And so Roberto returned to the land of his ancestors and Artyom managed to get in touch with local historians who know the history of this family and organize a meeting within the city library, where even about 20 books belonging to their family were preserved. Roberto was shown the places where the houses of his ancestors stood, the college built by their family and the station from which they had to flee first to Moscow, and then through Bessarabia to Poland.
Local journalists interviewed him and this was a very important moment for our friend, who practically flew to Russia for the sake of it. And it was a great honor for us to help him in this mission and to assist in the search for information.
We met all together at dinner, where Roberto told us how everything went.
Day twelve. Vologda - Yaroslavl
In our tours we try to avoid large federal highways whenever possible, and today we did it again. Having left Vologda, we turned onto a local road, which, although it was full of broken asphalt, was completely deserted, picturesque and passed by the small village of Kukoboi, in which there is a small a masterpiece of Russian architecture of the early 20th century, the Cathedral of the Savior of the Holy Face.

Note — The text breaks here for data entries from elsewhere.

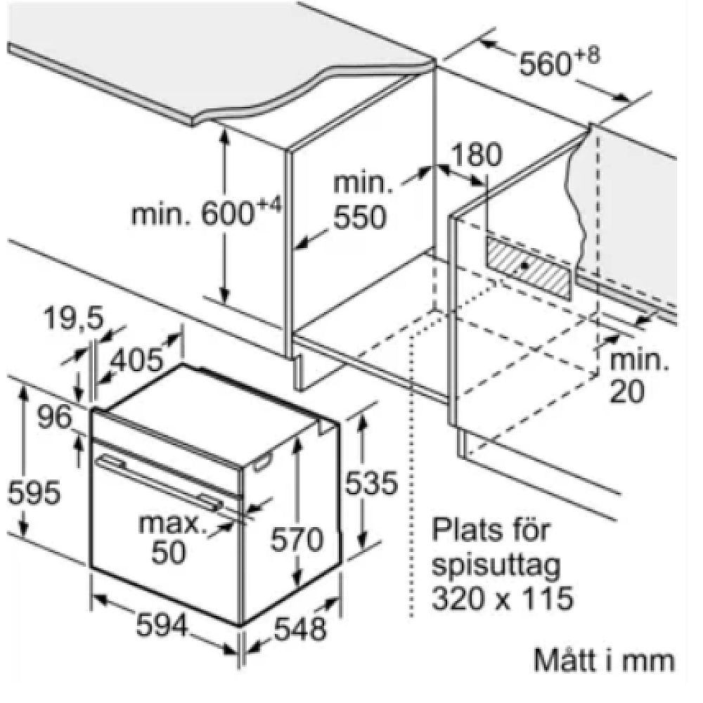 Värmeskyddad ugnslucka 50º C, uppmätt vid 180ºC över- /undervärme, efter 1 timme, mätpunkt mitt på ugnsluckan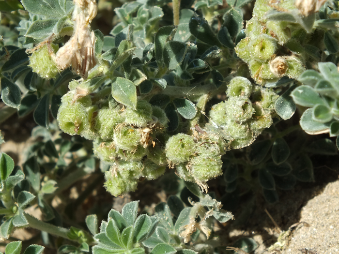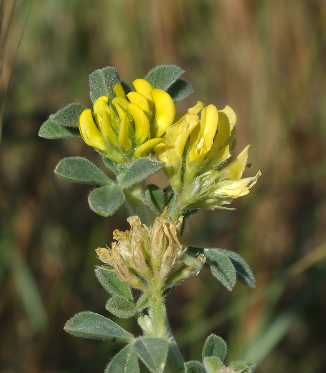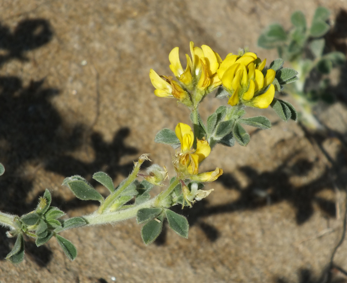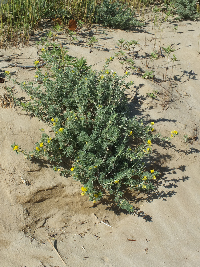 Pianta lignificata alla base (C), tipica specie alofila e psammofila a portamento prostrato, che forma larghi cuscinetti sull'arenile non consolidato. Le sue foglie sono piccole, ricoperte da una fitta peluria biancastra, i fiori gialli, i legumi foggiati a chiocciola. Fiorisce da aprile a luglio.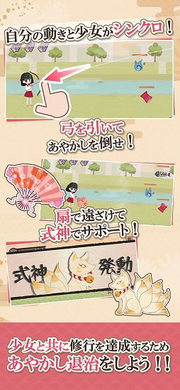 弓を引いてあやかしを退治しよう。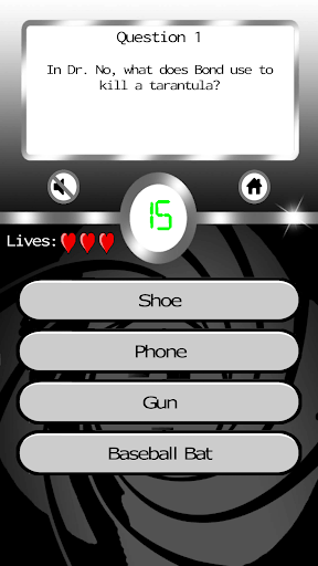 There are questions about the James Bond actors, villains, allies, girls, gadgets, locations and more.

Very beautiful church, unfortunately in a somewhat abandoned state. In Rybinsk, we had a wonderful lunch and were already in the evening in Yaroslavl, where we had an interesting tour over the city center with local guide. Dinner was held in an interesting restaurant, made in the old Russian style, and then we sat for a long time in the hotel bar, sharing our impressions of our trip.
Day thirteen. Yaroslavl - Moscow
It was the final riding day of the tour and still it was full of impressions. Our first stop was Uglich - the city in which Dmitry Tsesarevich was killed and this place and event radically changed the historical course of events. And as Roberto said - without this place, his knowledge and impressions of the history of Russia, which he acquired on our trip, would be incomplete.

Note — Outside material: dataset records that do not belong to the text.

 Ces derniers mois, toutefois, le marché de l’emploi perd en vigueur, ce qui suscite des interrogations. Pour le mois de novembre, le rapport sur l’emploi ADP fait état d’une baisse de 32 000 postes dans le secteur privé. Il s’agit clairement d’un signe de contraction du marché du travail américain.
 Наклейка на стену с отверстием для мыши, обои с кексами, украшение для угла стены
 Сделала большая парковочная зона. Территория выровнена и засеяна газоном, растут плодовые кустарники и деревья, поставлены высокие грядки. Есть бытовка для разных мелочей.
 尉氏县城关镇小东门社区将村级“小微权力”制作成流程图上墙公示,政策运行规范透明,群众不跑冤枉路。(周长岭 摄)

After Uglich, we arrived in Kalyazin, where in addition to the famous bell tower standing on a small island, another interesting place was waiting for us. This is the bike center of the Tver region, built by the local branch of the Night Wolves motorcycle club. The place is very authentic and with very friendly hosts. Here we had lunch, visited a small museum of retro motorbikes, drove Lee in the Urals with a stroller and just talked sincerely!
Our guests were very impressed with this place and this was a great end to our cultural and educational program. And then we returned to Moscow and we had a farewell dinner, at which we raised some toasts for our excellent journey, for our country, for each other and for new meetings!

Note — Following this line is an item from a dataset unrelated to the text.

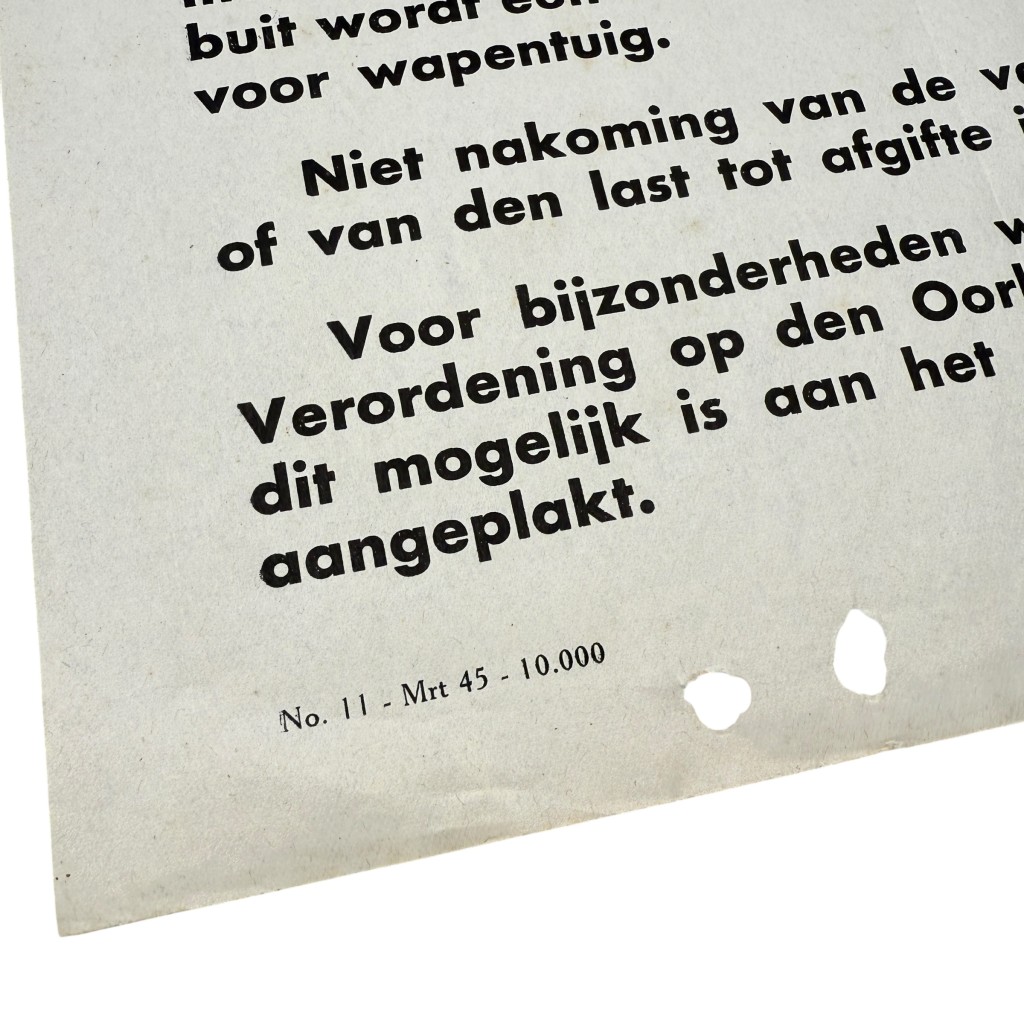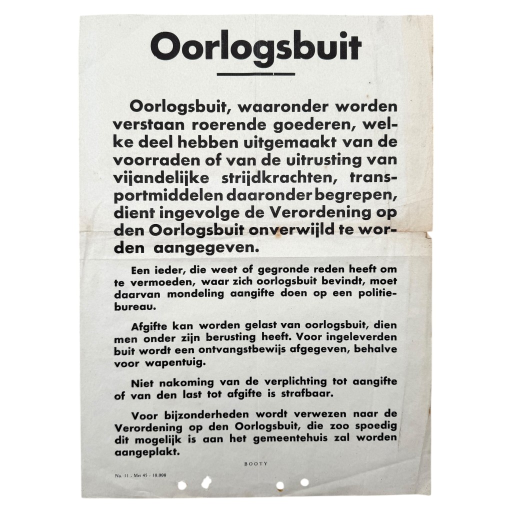 Deze Nederlandse poster uit maart 1945, getiteld “Oorlogsbuit”, werd uitgegeven in de laatste maanden van de Tweede Wereldoorlog. De kennisgeving verplicht burgers tot het melden en afgeven van oorlogsbuit, waaronder goederen of uitrusting afkomstig van vijandelijke strijdkrachten, zoals wapens, voertuigen of andere militaire voorraden. De tekst vermeldt dat het niet naleven van deze meldplicht strafbaar is, en dat inbeslag genomen goederen enkel met een ontvangstbewijs mochten worden overgedragen.

During this tour our group became very close, we became true friends and one family!
I hope that Roberto, Lee and Ben will return to Russia again, because our country is so huge, it has so much more interesting to see, experience, explore. For example, Best of Siberia: Alta y Mountains Tour - one of the cleanest and most beautiful regions of Russia. Or the Trans-Siberian Route - 10,000 km through all Russia to the Far East. And in the Caucasus and Crimea there are so many things to admire.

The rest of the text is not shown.